Том 3. Городок - Тэффи Надежда Александровна 13 стр.


– Да, да, я так и знала, что этим кончится. И вы, вы светлая, вы яркая, вы тоже. Но скажите, там, в кругу ваших друзей, когда горячие споры об искусстве до утра соединяют вас пылающим кольцом вокруг скромной лампы, когда реющие над вами тени Некрасова и Надсона с любовью склоняются, как бы прислушиваясь к вашим словам, а тень великого Толстого…

Я не знаю, как это вышло. Я сначала не поняла, кто это вопит. Теперь я, конечно, отлично понимаю, что завопила именно я. Но тогда мне казалось, что чужой голос, тонкий и хриплый, который я слушала, с ужасом и отвращением завопил:

– Последний раз говорю: отпорите рукава и вставьте широкие из крепдешина.

И тут случилось чудо. Мадам д-Иванова сразу погасла, спокойно и деловито развернула мой сверток, повертела в воздухе явившимся откуда-то сантиметром и сказала:

– Я могу сама прикупить что нужно. Вы не беспокойтесь, а в конце недели зайдите.

Проводила она меня совсем просто, даже сказала в передней – "осторожней, здесь сундук".

Я все поняла. Она меня презирала. И пока я, сверкая алмазами пошлости, спускалась с лестницы, она, стоя на площадке пятого этажа, скромная, но гордая, чуть-чуть улыбалась своей жуткой улыбкой.

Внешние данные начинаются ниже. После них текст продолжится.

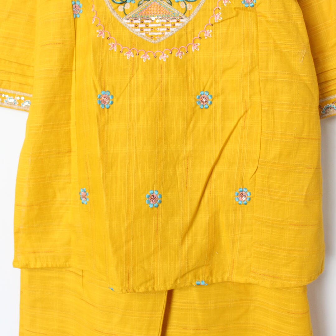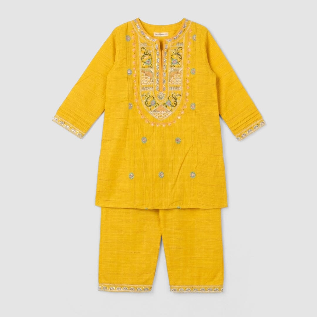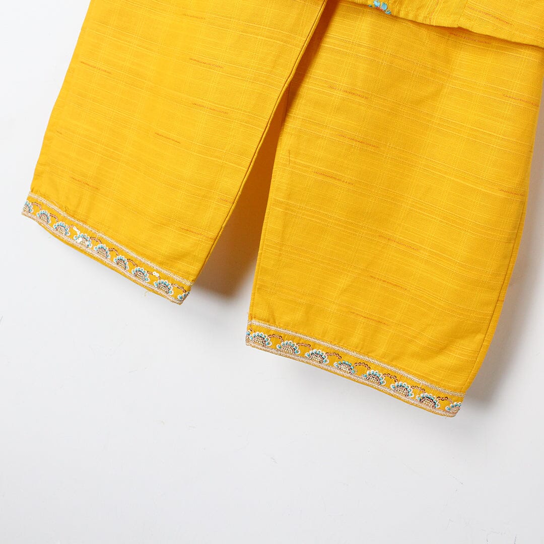 Little People Premium Quality Fancy Yellow Princess Kurti & Trouser
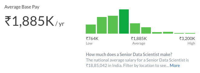As you can observe, in India, the average salary of a data scientist is approximately INR 10,00,000 per year. Whereas, the average salary for the same in the USA is a whopping $134,000 per year. (there is definitely a big gap there!)

А теперь еще история будет судить нас!

Тяжело.

Сладкие воспоминания

Рассказ нянюшки

Не наше здесь Рождество. Басурманское. На наше даже и не похоже.

У нас-то, бывало, морозище загнет – дышать трудно; того гляди – нос отвалится. Снегу наметет – свету Божьего не видно. С трех часов темно. Господа ругаются, зачем керосину много жжем, – а не в жмурки же играть. Эх, хорошо было!

Здесь вон барышни в чулочках бегают, хихикают. Нет, ты вот пойди там похихикай, как снегу выше пояса, да ворона на лету мерзнет. Вот где похихикай.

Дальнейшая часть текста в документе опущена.